Mountains draw a certain type of people, says Sims, and they draw a certain type of music out of Spring Creek music that sells without selling out, slick without being shiny, authentic but not musty.

The crucial big break they’re riding right now started when they scored Jeff White to produce the third album, Way Up on a Mountain. A Nashville eminence who played for years with Vince Gill and Alison Krauss, White was just what the sonic doctor ordered. “He brought a lotta polish to our sound,” says Sims.

The sound is rooted in gospel, among other things, but also obeys the first commandment of modern traditional music: no depression. “We’re not a sad band singin’ about terrible lonesome topics,” says Sims even though their second album is called A Lonesome Way to Go. “The melancholy stuff comes from the tradition of sad songs that cheer people up.
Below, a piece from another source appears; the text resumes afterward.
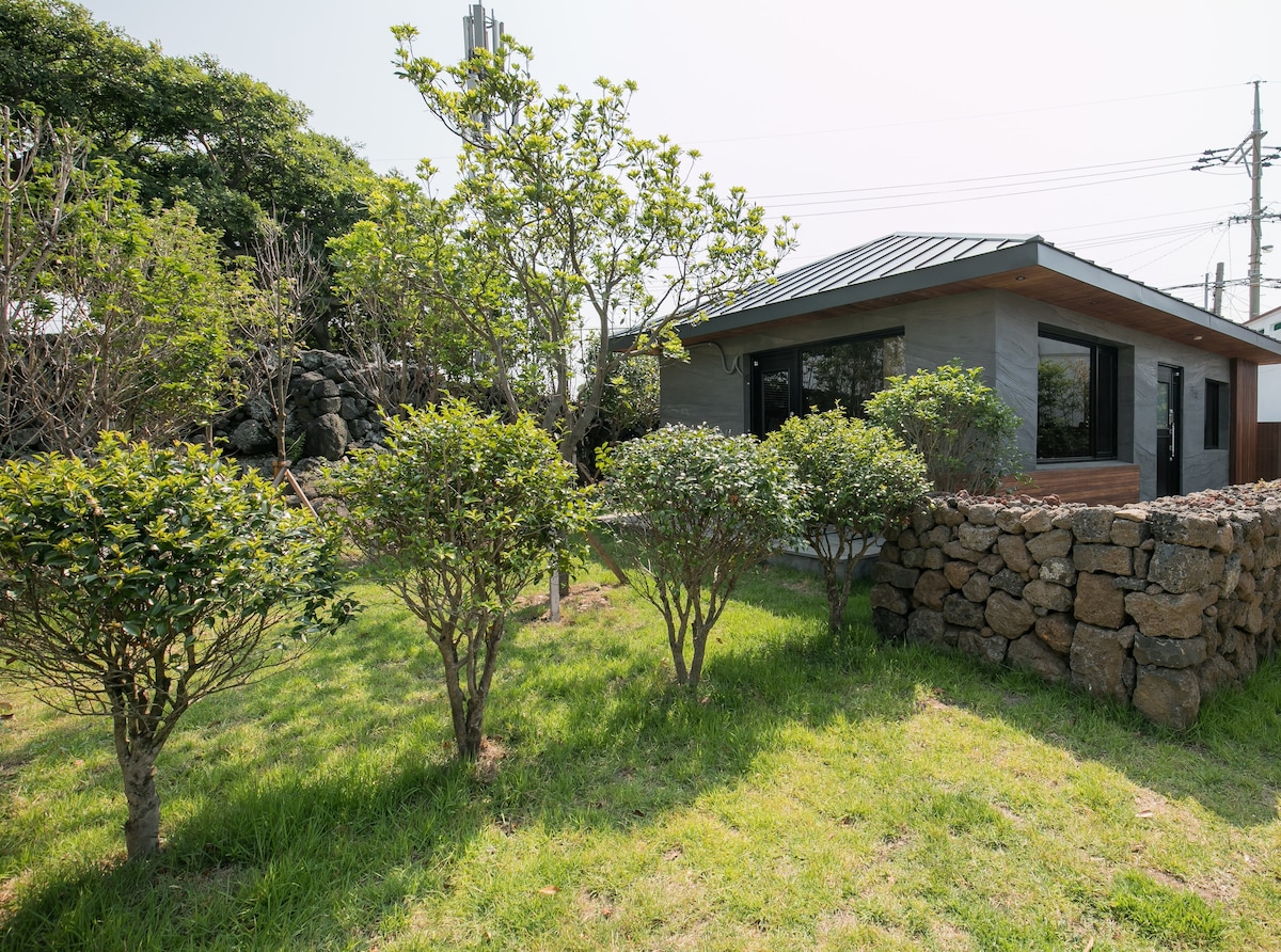 Այն գտնվում է Սեոգվիպոյի և Յունգմուն քաղաքի կենտրոնի միջև, որտեղից տեսարան է բացվում դեպի ծով, իսկ հետևի մասում ՝ Hallasan Mountain - ը ։ Մոտակայքում կա E - mart և Eongto Falls, որտեղ ջուրը հոսում է, երբ անձրև է գալիս ։ Այն գտնվում է միջին լեռնային ճանապարհի վրա, այնպես որ դուք կարող եք հեշտությամբ գտնել այն, և դուք կարող եք վայելել Ջեջու կղզու մթնոլորտը շրջակա տանգերինի դաշտերով: Առավոտյան ծովը կարելի է տեսնել հեռվում, իսկ գիշերը շատ աստղեր կան: Արդեն 10 տարի է, ինչ տեղափոխվել եմ Ջեջու կղզի ։ Մենք ապրում ենք անզուգական գոհունակությամբ մեր կյանքի ընթացքում: 2019 թվականից սկսած ՝ մենք նոր տուն ենք կառուցում մեր առջև ։ Ճիշտ այնպես, ինչպես մեր ընտանիքը լիովին բավարարված է, հուսով ենք, որ բոլոր հյուրերը, ովքեր գալիս են մեր տուն, կստեղծեն շատ հիշողություններ, որոնք հարմարավետ են, զվարճալի և երջանիկ: ^^

You sing about your sorrows and supposedly they’ll go away.”

One pure moment on the album is the transition from Smith’s soulful, admonitory waltz-time lament “Slow Down” (“When you’re called up yonder, what will you have to ponder? It’s your heart, not the things that you had. Slow down, you’re moving too fast”) to Sims singing “In Despair,” a peppy number that leaves despair in the dust.

Sims likes listening to Smith’s voice better: “She’s got a great kind of mountainy timbre to her voice, very emotive mountain singing. She’s got a raw quality.” Smith sounds like Gillian Welch if somebody slipped her some coffee on the sly to trick her out of those lugubrious tempos, without losing the smoky croak of woe that makes listeners feel sensational.

Sims’ own favorite on the album is “Tangled in the Pines,” about a young man whose dreams are on a oneway track about to collide with his girl’s coming the other way. “Our banjo player, his cousin Ronnie Elliott wrote that. He’s just a workin’ stiff in East Texas. He thought it would fit our style.” In fact, it goes a good ways toward defining it.

To Sims, the band’s current success just makes sense. “We’ve put a lotta time into getting it right,” he says.

On the Bill:

Spring Creek plays the Gold Hill Inn on Friday, Oct. 16 at 9 p.m. $10 cover. 401 Main St., Boulder, 303-443-6461.